Re: Revised "Range:" proposal

> Ari and I have agree on the following, and Ari will be submitting
> a revised draft-luotonen-http-url-byterange-XX.txt by the cutoff
> date (Thursday).

Here it goes once again.  Only the section 3.2 has changed.  Let me
know if you see anything odd.  I will submit it on Thursday to meet
the L.A. IETF deadline.

-- Cheers, Ari --

INTERNET-DRAFT                                              Ari Luotonen
Expires: August, 1996                Netscape Communications Corporation
                                                             John Franks
                                                 Northwestern University
<draft-ietf-http-range-retrieval-00.txt>               February 22, 1996


                 Byte Range Retrieval Extension to HTTP


STATUS OF THIS MEMO

   This document supersedes <draft-luotonen-http-url-byterage-02.txt>.
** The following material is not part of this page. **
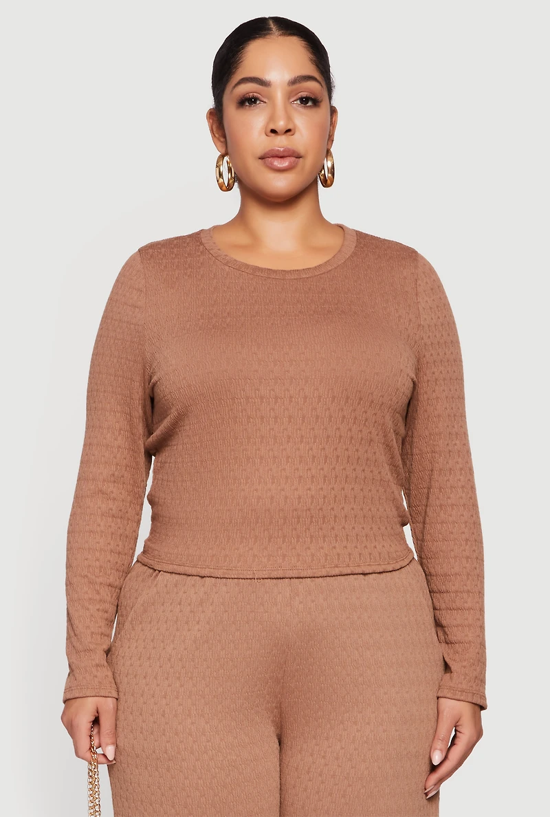 Elevate your everyday look with this plus size long sleeve textured knit tee. Designed with a classic fit and cozy textured knit fabric, it offers both comfort and style for your casual wardrobe. The timeless crew neck and solid color make it a versatile piece that pairs effortlessly with your favorite jeans or skirts. Perfect for layering or wearing solo, this tee is your new go-to for laid-back vibes with a touch of chic. Classic fit for a flattering and timeless silhouette soft textured knit fabric adds subtle dimension and comfort long sleeves and crew neck for all-season wear solid color for easy styling and mix-and-match options made for casual occasions with a relaxed yet polished look model pictured wearing size 1xheight 5 ft 8 in, bust 36 in, waist 35 in, hips 47 infits true to sizecontent and care material: 73% polyester, 25% rayon, 2% spandex care instructions: hand wash country of origin: vietnam rainbow item number 1927058755363

   A subgroup of the HTTP working group has developed this after several
   rounds of discussion. Some but not all parts of this proposal are
   currently implemented in commercial Web servers and browsers.

   This document is an Internet-Draft. Internet-Drafts are working
   documents of the Internet Engineering Task Force (IETF), its areas,
   and its working groups. Note that other groups may also distribute
   working documents as Internet-Drafts.

   Internet-Drafts are draft documents valid for a maximum of six months
   and may be updated, replaced, or obsoleted by other documents at any
   time. It is inappropriate to use Internet-Drafts as reference
   material or to cite them other than as ``work in progress.''

   To learn the current status of any Internet-Draft, please check the
   ``1id-abstracts.txt'' listing contained in the Internet-Drafts Shadow
   Directories on ftp.is.co.za (Africa), nic.nordu.net (Europe),
   munnari.oz.au (Pacific Rim), ds.internic.net (US East Coast), or
   ftp.isi.edu (US West Coast).


TABLE OF CONTENTS

   1.   Overview ................................................. 2

   2.   Accept-Ranges HTTP response header ....................... 3

   3.   Byte range HTTP request .................................. 3
   3.1. The Range HTTP request header ............................ 3
   3.2. Conditional Range retrievals.............................. 5

   4.   Byte range HTTP response ................................. 7
   4.1. 206 Partial Content status code .......................... 7
   4.2. The Content-Range HTTP response header ................... 8



Luotonen, Franks                                                [Page 1]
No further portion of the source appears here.